Pilots of an Embraer 195 that hit lighting structures on take-off from Belgrade had been warned to check they still had sufficient runway to depart, after lining up at a different intersection than planned, Serbian investigators have disclosed.

The Marathon Airlines twinjet – with 106 passengers and five crew members – had been operating an Air Serbia service to Dusseldorf on 18 February.

Serbian traffic investigation authority CINS states that the crew had calculated take-off parameters for a runway 30L departure from intersection D6. The Serbian aeronautical information publication gives the distance available from D6 as 2,349m.

CINS says the crew testified that the take-off calculation was “double-checked”.

The aircraft was instructed by air traffic control to proceed to intersection D6 via taxiways F, G and A which the crew correctly read back. This taxiing direction would have taken the aircraft past intersection D5 before reaching D6.

But while the crew informed the tower, at 17:35, that they were approaching D6 and were ready for take-off, CINS says the tower controller transmitted an “urgent message” about a minute later, asking if they were aware that they had taken the turning for D5.

The controller pointed out that the available runway length from D5 was only 1,273m and suggested this was not sufficient.

CINS says the crew requested a few moments to carry out checks. The crew subsequently testified that the take-off parameters were checked with the first officer’s handheld tablet.

Although the controller had told the crew that, if necessary, they could backtrack to intersection D6, the crew responded some 30s later that they had confirmed the aircraft could take off. After reconfirming with the crew, the controller gave clearance for a D5 intersection take-off, informing the crew that there was no wind.

E195 damage-c-via Twitter

Source: via Twitter

Collision with the antenna structures badly damaged the E195’s left wing

The aircraft commenced its take-off roll at 17:38. Its crew ascertained, at 80kt, that the take-off was proceeding normally but, at 100kt, realised that the runway end was approaching.

CINS says the pilots decided the safer course was to continue the take-off, given the aircraft’s speed, and opted to use maximum thrust while delaying rotation in order to use all the available runway.

Tower controllers observed the aircraft become airborne with a “cloud of dust behind” and a “weak climb”, states the inquiry.

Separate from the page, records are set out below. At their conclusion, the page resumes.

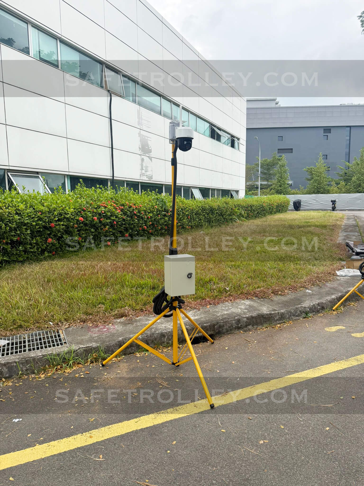 Our solar-powered CCTV system is a cost-effective and innovative solution, available on mobile enclosure carts or standing poles, designed to meet the video surveillance system (VSS) requirements set by Singapore’s Ministry of Manpower (MOM) for the construction sector.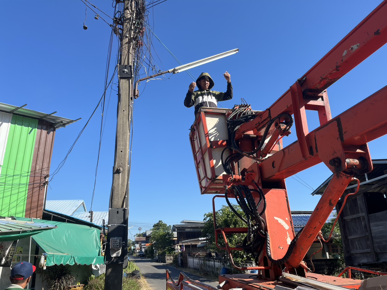 เทศบาลตำบลตาดทอง ลงพื้นที่ซ่อมแซมไฟฟ้าส่องสว่างสาธารณะในพื้นที่ตำบลตาดทอง อำเภอเมืองยโสธร จังหวัดยโสธร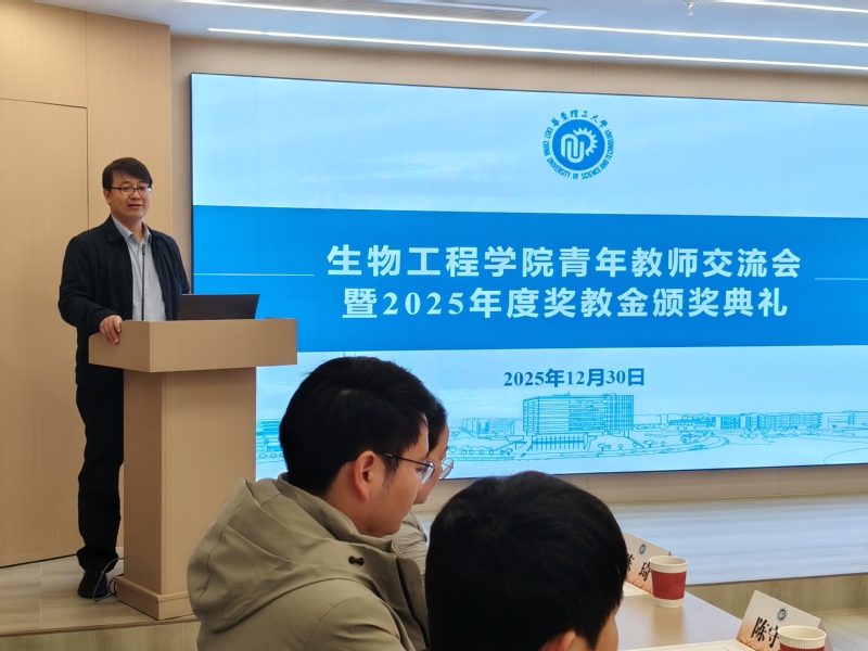在沃美报告厅举行青年教师交流会暨2025年度奖教金颁奖典礼。学校党委教师工作部部长钱嫦萍、生物工程学院党委书记程家高、院长叶邦策等党政领导班子成员及学院教师代表共同出席。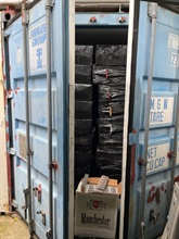 Upon searching a metal shed of about 2 000 square feet in Wing Ping Village, San Tin, yesterday afternoon, Customs seized the batch of suspected illicit cigarettes from three containers there and arrested two men, aged 44 and 66, suspected to be connected with the case.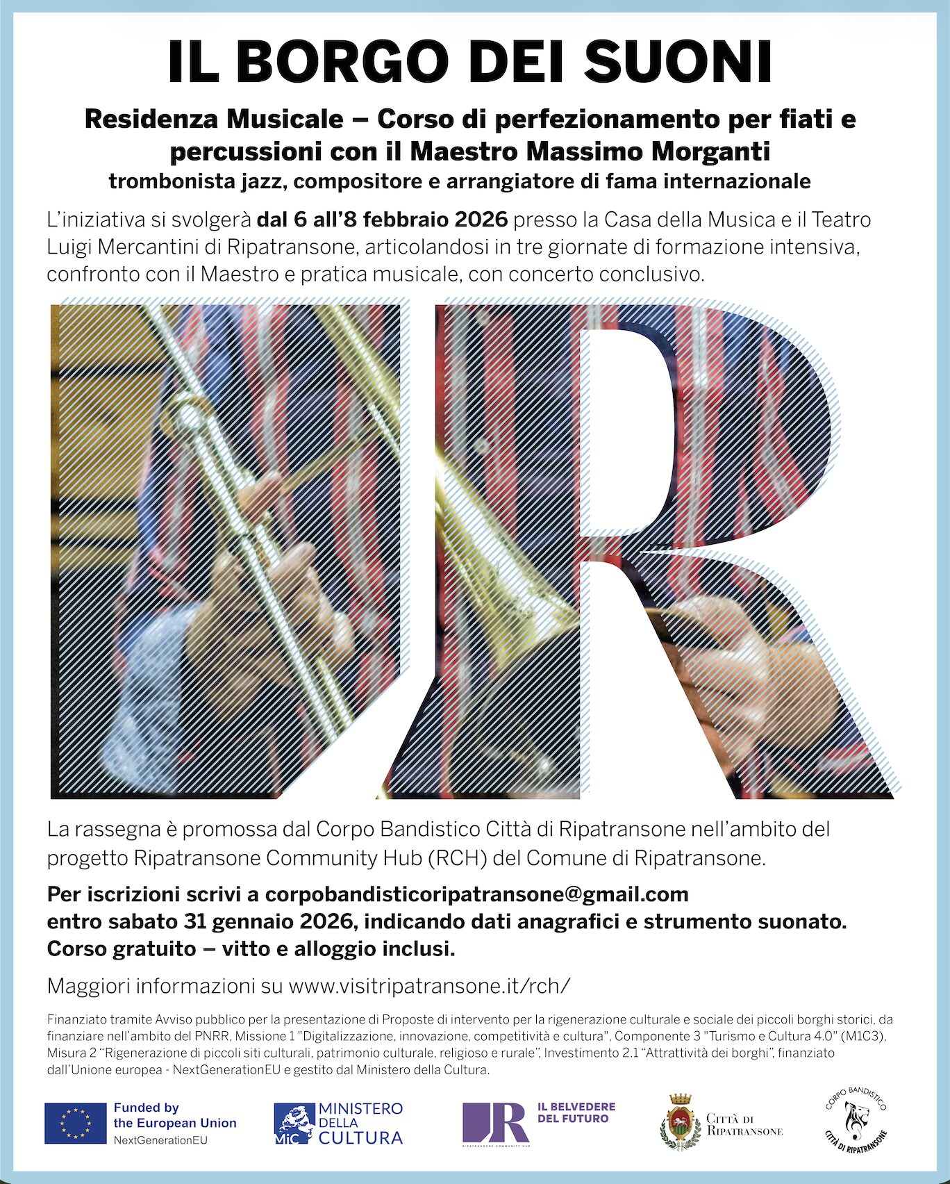 L’iniziativa è promossa dal Corpo Bandistico Città di Ripatransone e si inserisce nel progetto Ripatransone Community Hub (RCH) del Comune di Ripatransone, finalizzato alla valorizzazione del patrimonio culturale locale attraverso pratiche formative, artistiche e comunitarie capaci di rafforzare il legame tra cultura, territorio e comunità.

Its crew felt the aircraft shake and then heard an impact with an object, after which they began receiving alerts about a number of systems – notably the flaps and bleed air – and started running checklists.

The controller noticed that the aircraft was deviating from its approved course, and asked the crew whether anything was wrong, to which the pilots replied that they would probably need to return to the airport because they had hit something on the ground.

In order to perform checks, and determine the parts of the aircraft affected, the crew carried out two circuits southeast of the airport, and then sought to conduct a low pass in the direction of runway 30L, with the landing-gear extended, for a visual assessment by the tower controllers.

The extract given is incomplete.